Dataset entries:
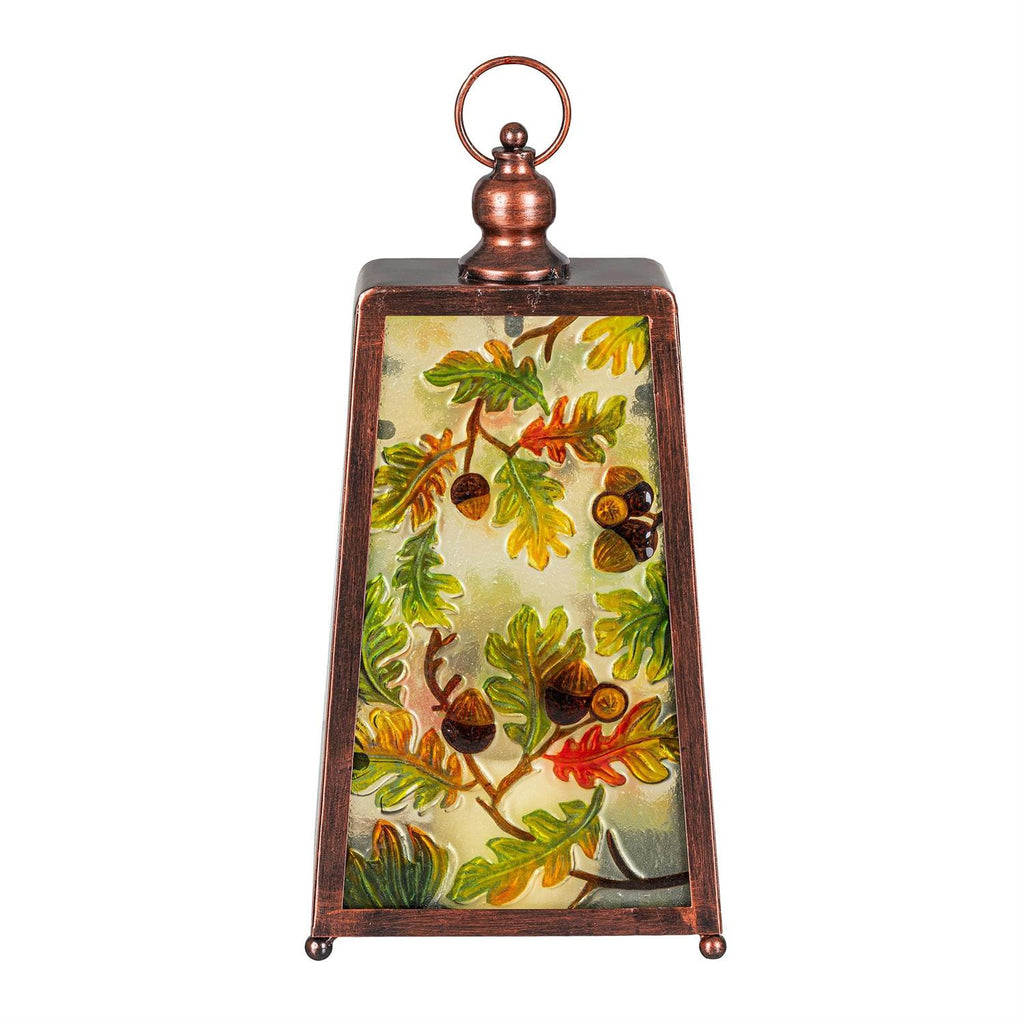 Illuminate any space with this striking lantern assortment. Crafted with precision and attention to detail, these lanterns blend functionality with aesthetics to create a warm and inviting ambiance. They feature a beautiful fall leaf design. The soft glow from these lanterns will brighten everything around it. This assortment is perfect for anyone looking to elevate their décor. They require three AAA batteries, not included with a six hours on/eighteen hours off timer function.
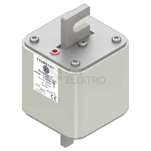 Válcová pojistka, vysokorychlostní, 450 A, AC 1250 V, size 3, 76 x 90 x 139 mm, aR, DIN, IEC, samostatný indikátor
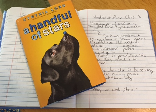 I kept this model for teaching writing all these years, but I hadn’t thought about applying it to reading. This week I have participated with an amazing group of teachers in a cyber book club around Cynthia Lord’s Handful of Stars. I was not intimidated about joining in because I had already read the book once. Also, my friend Julianne Harmatz was spearheading the project, and I wanted to support her efforts. I had no idea that it would change my entire philosophy about teaching reading.
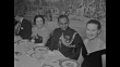 Producer-Director at Paramount Pictures Cecil Blount DeMille, Ceylon Prime Minister John Kotelawala, and Vice President of Paramount Pictures Corporation Y Frank Freeman seated at table, violinist plays behind them / three shot them in receiving line / Walter Pidgeon down the line / William Holden & wife actress Brenda Marshall down the line / Danny Kaye down the line / WS long table with seated guests, violinist plays, waiters serve / Kaye leans over PM and Freeman speaking animatedly / 3 shot Ema Poulson wife of Los Angles mayor Norris Poulson, Major Malcolm Jayasckera aid to PM, and Mrs Larachi, of Larachi Entertainment / CU US Ambassador to Ceylon Philip K Crowe / silent film star Laura La Plante talks with DeMille / WS luncheon table
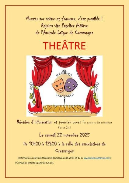 Réunion d'information et premier cours, pour rejoindre un atelier Théâtre.

**EXERCISE GOAL:** Would you mind returning each entry above word for word, skipping the images?

**YOUR SOLUTION:**
 Illuminate any space with this striking lantern assortment. Crafted with precision and attention to detail, these lanterns blend functionality with aesthetics to create a warm and inviting ambiance. They feature a beautiful fall leaf design. The soft glow from these lanterns will brighten everything around it. This assortment is perfect for anyone looking to elevate their décor. They require three AAA batteries, not included with a six hours on/eighteen hours off timer function.
 Válcová pojistka, vysokorychlostní, 450 A, AC 1250 V, size 3, 76 x 90 x 139 mm, aR, DIN, IEC, samostatný indikátor
 I kept this model for teaching writing all these years, but I hadn’t thought about applying it to reading. This week I have participated with an amazing group of teachers in a cyber book club around Cynthia Lord’s Handful of Stars. I was not intimidated about joining in because I had already read the book once. Also, my friend Julianne Harmatz was spearheading the project, and I wanted to support her efforts. I had no idea that it would change my entire philosophy about teaching reading.
 Producer-Director at Paramount Pictures Cecil Blount DeMille, Ceylon Prime Minister John Kotelawala, and Vice President of Paramount Pictures Corporation Y Frank Freeman seated at table, violinist plays behind them / three shot them in receiving line / Walter Pidgeon down the line / William Holden & wife actress Brenda Marshall down the line / Danny Kaye down the line / WS long table with seated guests, violinist plays, waiters serve / Kaye leans over PM and Freeman speaking animatedly / 3 shot Ema Poulson wife of Los Angles mayor Norris Poulson, Major Malcolm Jayasckera aid to PM, and Mrs Larachi, of Larachi Entertainment / CU US Ambassador to Ceylon Philip K Crowe / silent film star Laura La Plante talks with DeMille / WS luncheon table
 Réunion d'information et premier cours, pour rejoindre un atelier Théâtre.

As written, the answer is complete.